Records from a collection
=== Begin Enclosure ===
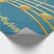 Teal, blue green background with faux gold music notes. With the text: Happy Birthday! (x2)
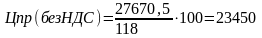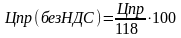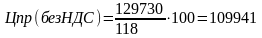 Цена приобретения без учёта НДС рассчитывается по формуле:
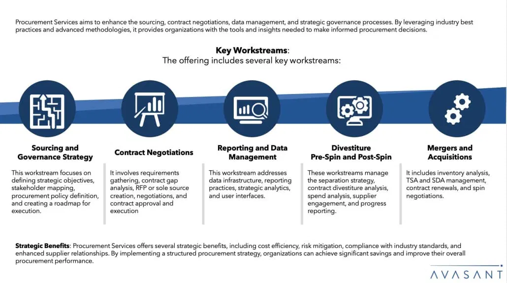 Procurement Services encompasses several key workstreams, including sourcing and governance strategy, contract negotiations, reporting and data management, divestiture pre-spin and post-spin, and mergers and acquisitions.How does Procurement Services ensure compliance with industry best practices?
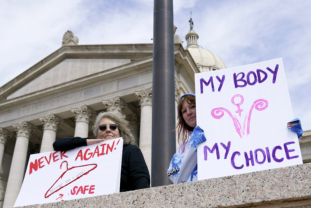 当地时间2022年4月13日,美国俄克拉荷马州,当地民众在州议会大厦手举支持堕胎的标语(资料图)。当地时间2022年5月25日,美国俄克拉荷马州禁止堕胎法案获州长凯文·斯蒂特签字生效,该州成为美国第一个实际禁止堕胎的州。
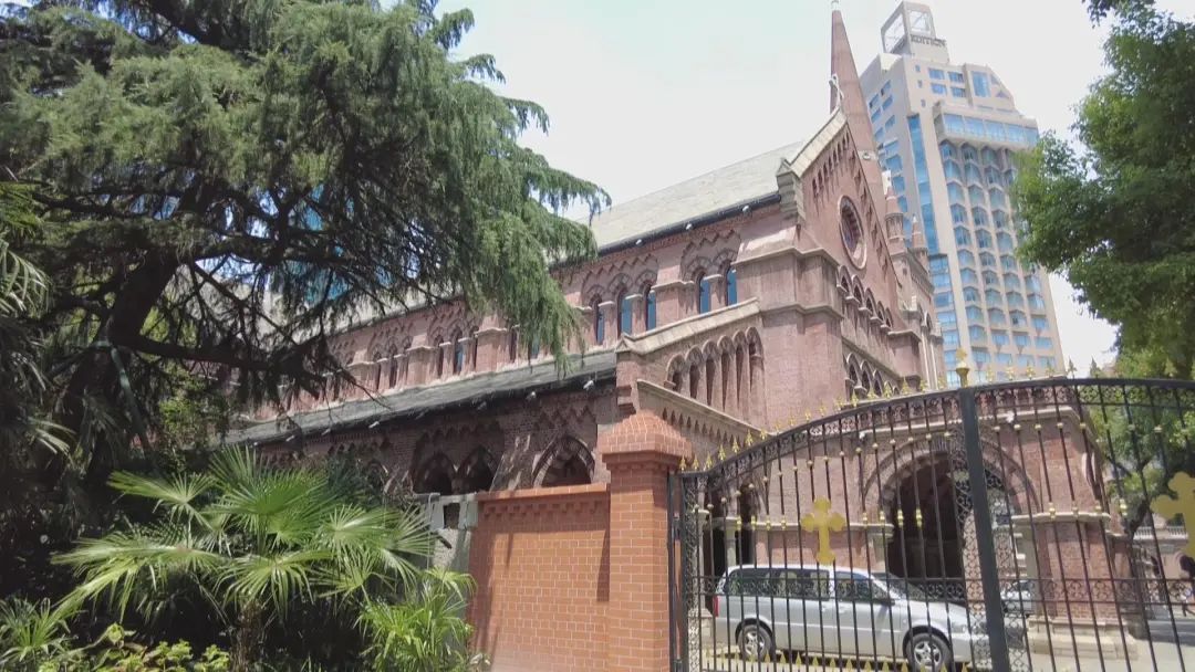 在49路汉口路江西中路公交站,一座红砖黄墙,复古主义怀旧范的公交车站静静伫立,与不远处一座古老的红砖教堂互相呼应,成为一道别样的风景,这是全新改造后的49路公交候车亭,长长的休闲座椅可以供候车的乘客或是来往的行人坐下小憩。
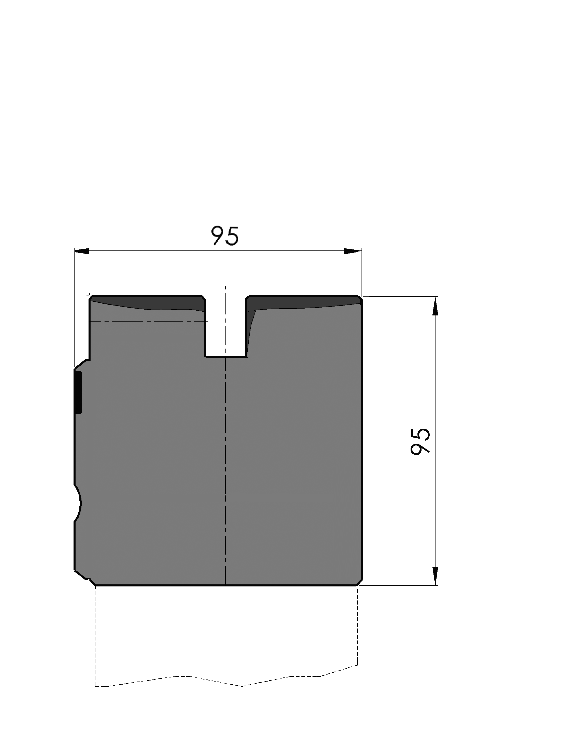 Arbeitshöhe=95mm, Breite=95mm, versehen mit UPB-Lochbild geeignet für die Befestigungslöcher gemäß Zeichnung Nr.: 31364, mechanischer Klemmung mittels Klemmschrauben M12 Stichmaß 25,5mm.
=== End Enclosure ===
EXERCISE DESCRIPTION
Restate the records above in full and word for word, but do not carry over any pictures.

OUTPUT BELOW
 Teal, blue green background with faux gold music notes. With the text: Happy Birthday! (x2)
 Цена приобретения без учёта НДС рассчитывается по формуле:
 Procurement Services encompasses several key workstreams, including sourcing and governance strategy, contract negotiations, reporting and data management, divestiture pre-spin and post-spin, and mergers and acquisitions.How does Procurement Services ensure compliance with industry best practices?
 当地时间2022年4月13日,美国俄克拉荷马州,当地民众在州议会大厦手举支持堕胎的标语(资料图)。当地时间2022年5月25日,美国俄克拉荷马州禁止堕胎法案获州长凯文·斯蒂特签字生效,该州成为美国第一个实际禁止堕胎的州。
 在49路汉口路江西中路公交站,一座红砖黄墙,复古主义怀旧范的公交车站静静伫立,与不远处一座古老的红砖教堂互相呼应,成为一道别样的风景,这是全新改造后的49路公交候车亭,长长的休闲座椅可以供候车的乘客或是来往的行人坐下小憩。
 Arbeitshöhe=95mm, Breite=95mm, versehen mit UPB-Lochbild geeignet für die Befestigungslöcher gemäß Zeichnung Nr.: 31364, mechanischer Klemmung mittels Klemmschrauben M12 Stichmaß 25,5mm.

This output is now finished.